Considering the previous levels of mutual concealment of reality, the upside here may be a novel measure of French-German directness. In Paris last week, Gerhard Cromme, president of the supervisory boards of the German industrial giants Siemens and ThyssenKrupp, acknowledged in a speech that it was “unforgivable” for the French and Germans not to have taken euro zone rules seriously and “that we must now pay the cost” in the markets.

Indeed. But healing will be difficult.

French promises of fiscal scrupulousness and budgetary rigor? Reuters pointed out last week that whatever party had led France, it hasn’t produced a balanced budget in over 30 years.

And European attempts, spearheaded by Germany, at reining in the markets, including a planned European ratings agency to challenge the “oligarchical” U.S.-based ones? A note to investors last Wednesday from Germany’s Commerzbank argued this would most likely be regarded as an effort “to ensure more favorable” ratings.

An even broader question: Might Germany increase imports and domestic demand to stimulate economic growth — in line with admonitions from the Group of 20 summit meeting last year and the International Monetary Fund — although not necessarily by increasing wages, as France says it should?
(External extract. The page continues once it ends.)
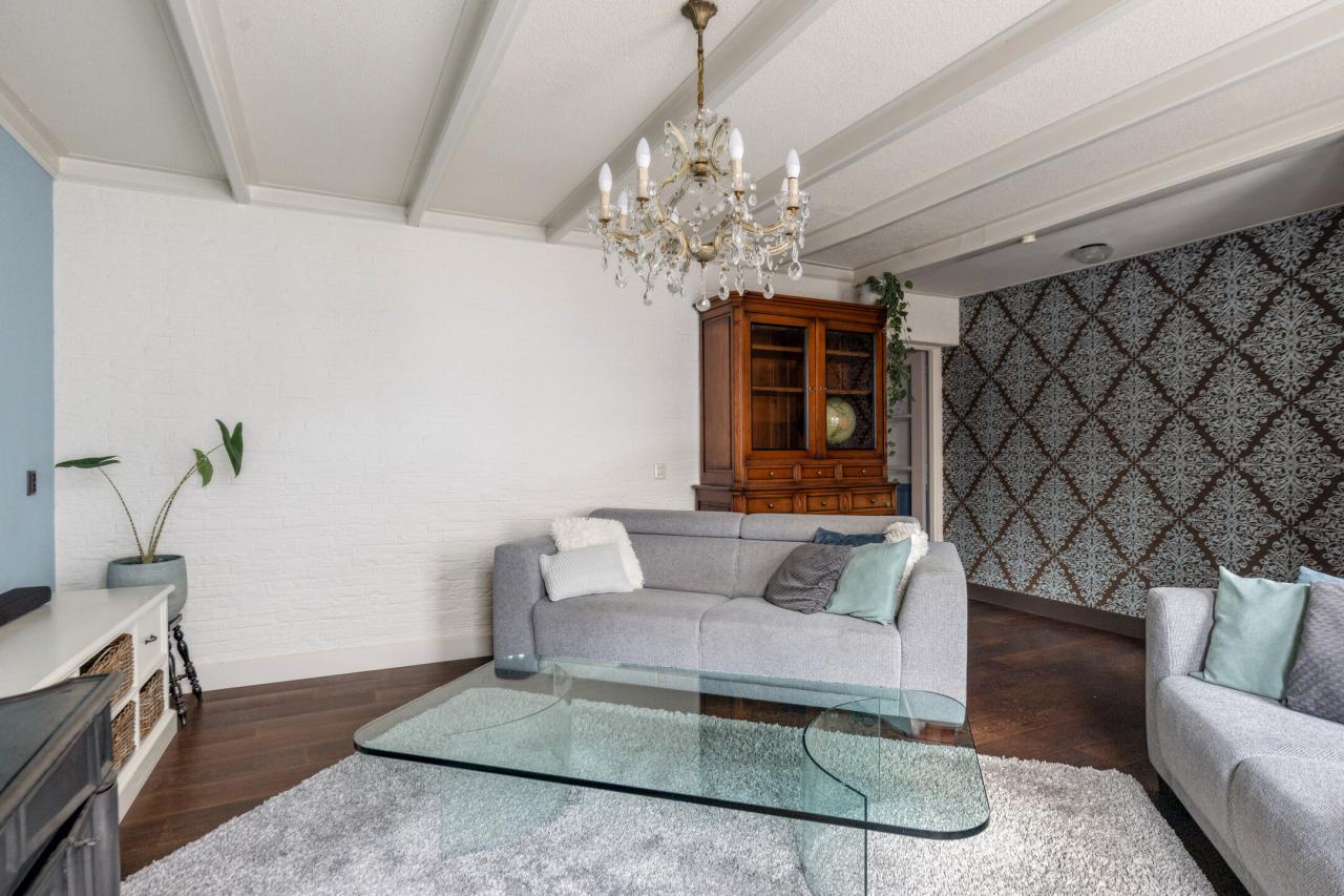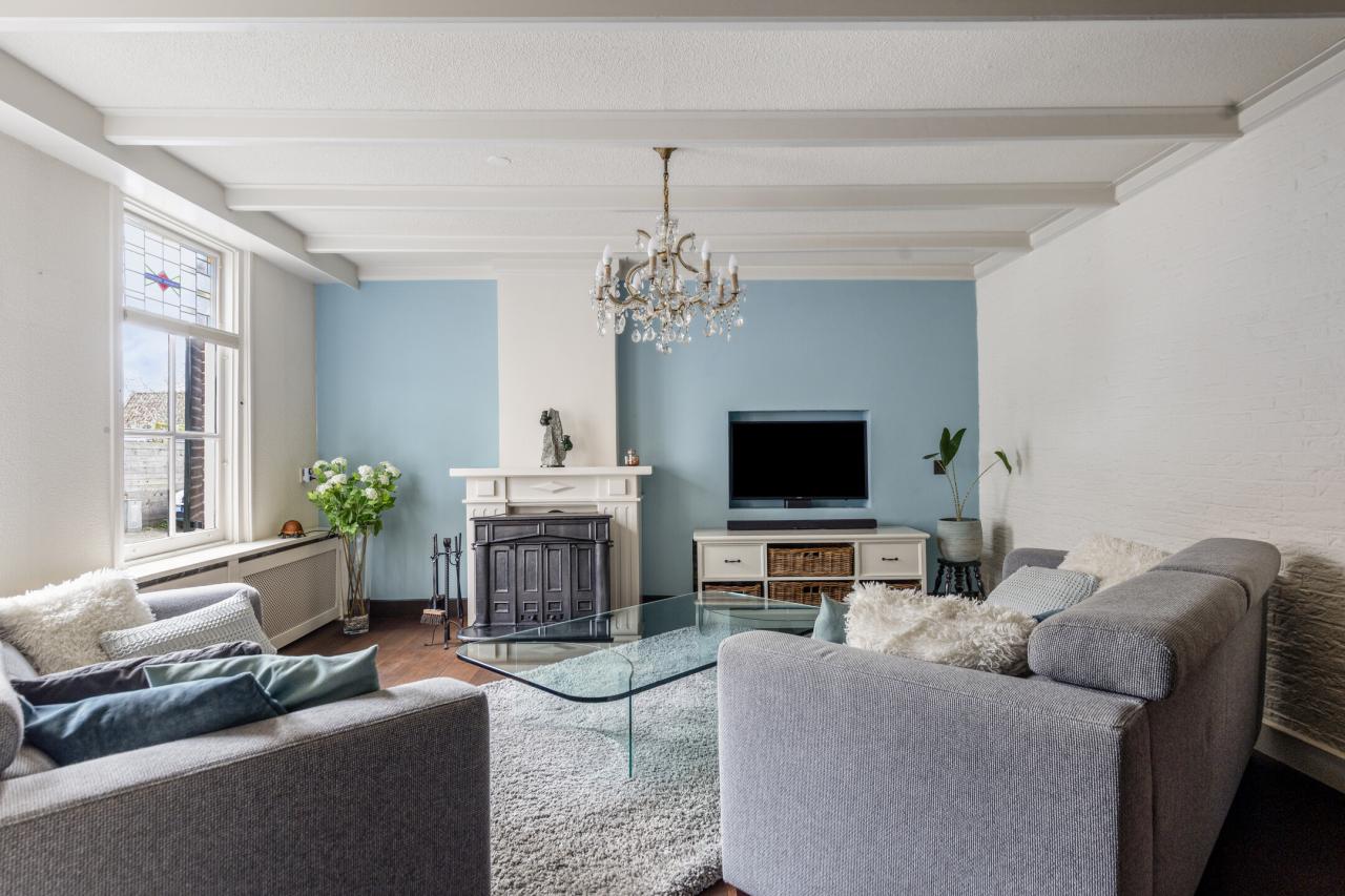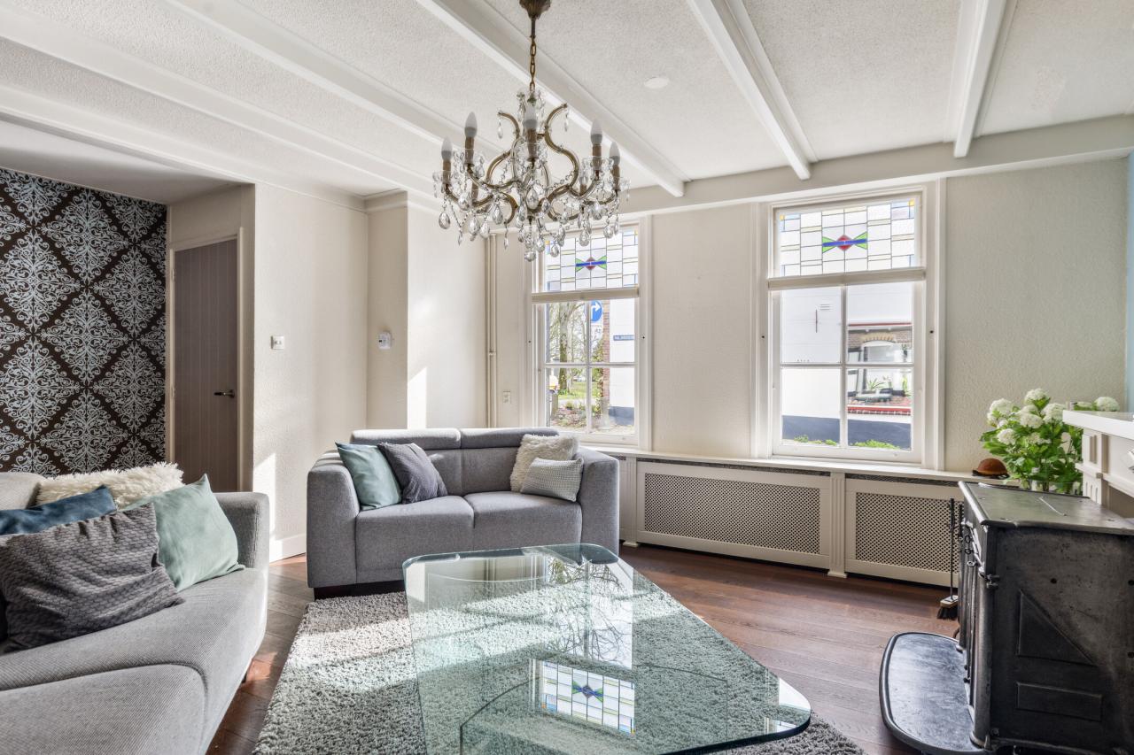 Via de karakteristieke voorgevel betreedt u de woning. Binnen valt direct de lichte en sfeervolle woonkamer op. Deze ruimte ademt karakter door de aanwezigheid van het balkenplafond en de authentieke kachel, gecombineerd met een prettige lichtinval dankzij de raampartijen.

There are no sure signs of it. Intriguingly, Felix Hüfner, an economist who heads the O.E.C.D.’s German desk, told me that “we are confident in our argument Germany’s recent success is based much more on price competitiveness through low wages than quality, and that this is a pattern that can’t be maintained going forward.”

For Mrs. Merkel, whose political base is frazzled, taking steps that hint Germany’s economic path is not Europe’s consecrated highway to competitiveness would be to risk portrayal at home as conceding to the inconsistent French.

For Mr. Sarkozy, who is likely to seek re-election in 2012, the issue would be whether to try labeling as a personal triumph the creation of something that roughly resembles an E.U. economic or euro zone government — a decades-long French project, rejected over the years by Germany.

The temptation looks overpowering, but it would come with Mr. Sarkozy’s knowing that without an official transfer of member states’ budgetary sovereignty to a single Brussels authority, the concept could easily explode in a vote of no confidence from the markets.

Of all Europe’s mantras, the desirability and strength of French-German cooperation (if not sole leadership) is still perhaps the most piously chanted. But 2010 is a long way from the days of Charles de Gaulle and Konrad Adenauer.